Saturday, August 21, 2004
The NYT continues to demonstrate that it has no business commenting on military issues. At least this was on the op-ed page instead of a news article. Allow me to snark.
Reducing our troop levels abroad will “strain crucial alliances, increase overall costs and dangerously weaken deterrence on the Korean peninsula at the worst possible moment.” Yeah, wouldn’t want to strain that crucial alliance with Germany. Keeping more troops and equipment at home instead of constantly moving them around the globe is really going to drive costs through the roof, too.
“Washington has inexplicably granted Pyongyang something it has long coveted - a reduction in American troop levels - instead of building those reductions into a bargaining proposal requiring constructive North Korean moves in return.” Tying our control over our own forces to the hope of North Korea signing and then keeping a deal is not my idea of wise policy.
“The Korean pullback also sends a dangerous signal to the North that America is devaluing its alliance with South Korea.” Because 37,000 is a sacred number that was chosen after an extremely careful study to learn exactly how many American deaths would be needed to inspire public support for war.

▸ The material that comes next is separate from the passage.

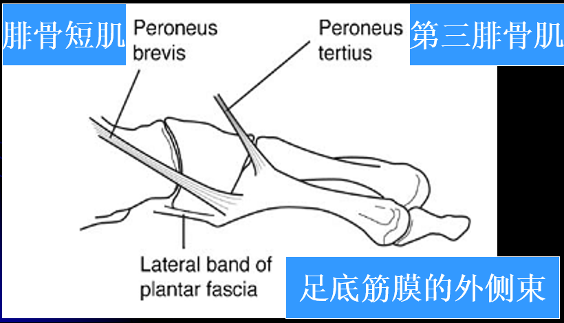 ① 第三腓骨肌腱,止于跖骨干部; ② 腓骨短肌腱,止于跖骨粗隆部;③ 跖腱膜的外侧束止于跖骨尖部。
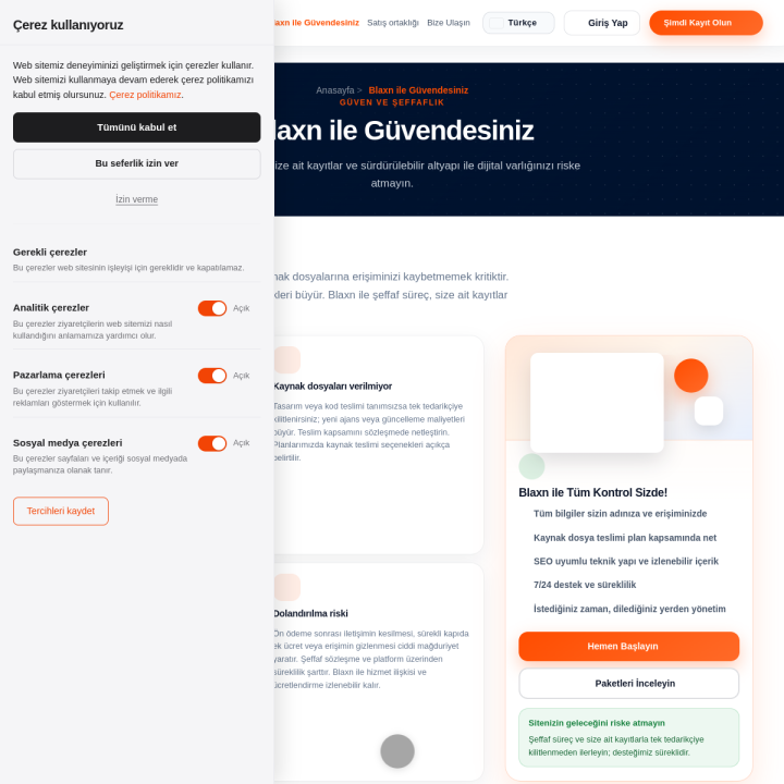 Without clear design/code handover you are locked to one vendor; future changes get expensive. Define delivery in the contract. Blaxn states source options clearly per plan.

“In Europe, the withdrawals are less immediately dangerous, but they will be expensive because Germany pays a hefty share of the costs for the American military bases located there.” Costs will rise in the short term – moving all that stuff is gonna be expensive – but we’ll be moving them to already-existing facilities here. Germany will have more money available to fund its welfare state, and the return of all those military families will be a nice boost to the economies of the local communities.

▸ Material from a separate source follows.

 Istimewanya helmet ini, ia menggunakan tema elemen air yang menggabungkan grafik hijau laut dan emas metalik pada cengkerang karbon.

“The military will also lose the advantage that comes with giving large numbers of its men and women the experience of living in other cultures.” What? I mean, what?

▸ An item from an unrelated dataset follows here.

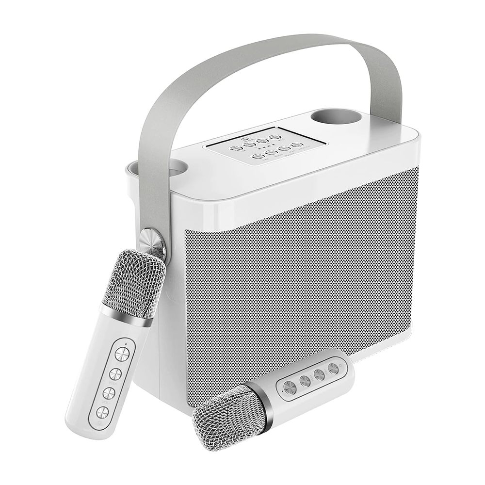 Karaoke Machine with 2 Wireless Microphones, Portable Bluetooth Karaoke PA Speaker System for Kids, with Carry Handle (White)
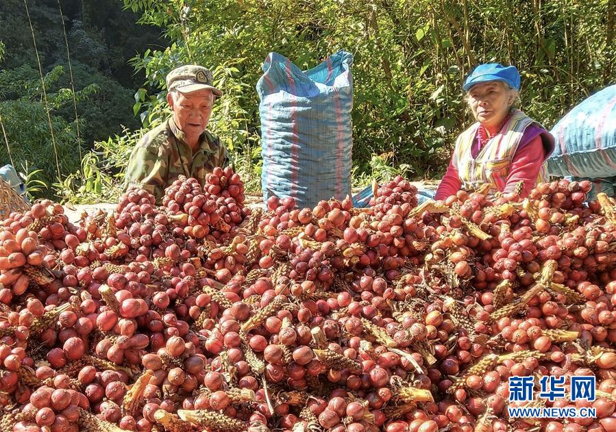 獨龍江鄉(xiāng)馬庫村村民在整理收獲的草果,準備賣到外地市場(2018年11月10日攝)。 新華社發(fā)(楊時平 攝)

But the last paragraph is what really set me off. “Despite the Pentagon's denials, it seems deliberate that the two largest withdrawals have been proposed for countries that the Bush administration has had serious differences with in recent years, over Iraq in the German case, and over negotiating strategy with North Korea in the case of Seoul. Both countries have been working hard to patch up relations - South Korea is one of the few American allies with troops in Iraq - but the Pentagon does not seem interested in reciprocating.” Please. The largest withdrawals are from countries with the largest deployments; 73,000 in Germany, 47,000 in Japan, 37,000 in Korea. The plan will replace Germany’s two divisions with a single Stryker brigade and cut strength in Korea by about a third. Cuts in Japan have been mentioned but not specified.
But I suppose Bush must have some nefarious and/or boneheaded reason to do it, so his critics don’t lose hold of the narrative. Not to mention their intellectual and moral vanity. That’s what’s really important.
[I've never seen the word 'snark' used as a verb, only an adjective. 'Fisk' didn't really seem appropriate in this case. I'm kind of talking out of my ass about the potential costs, but then, so are they.]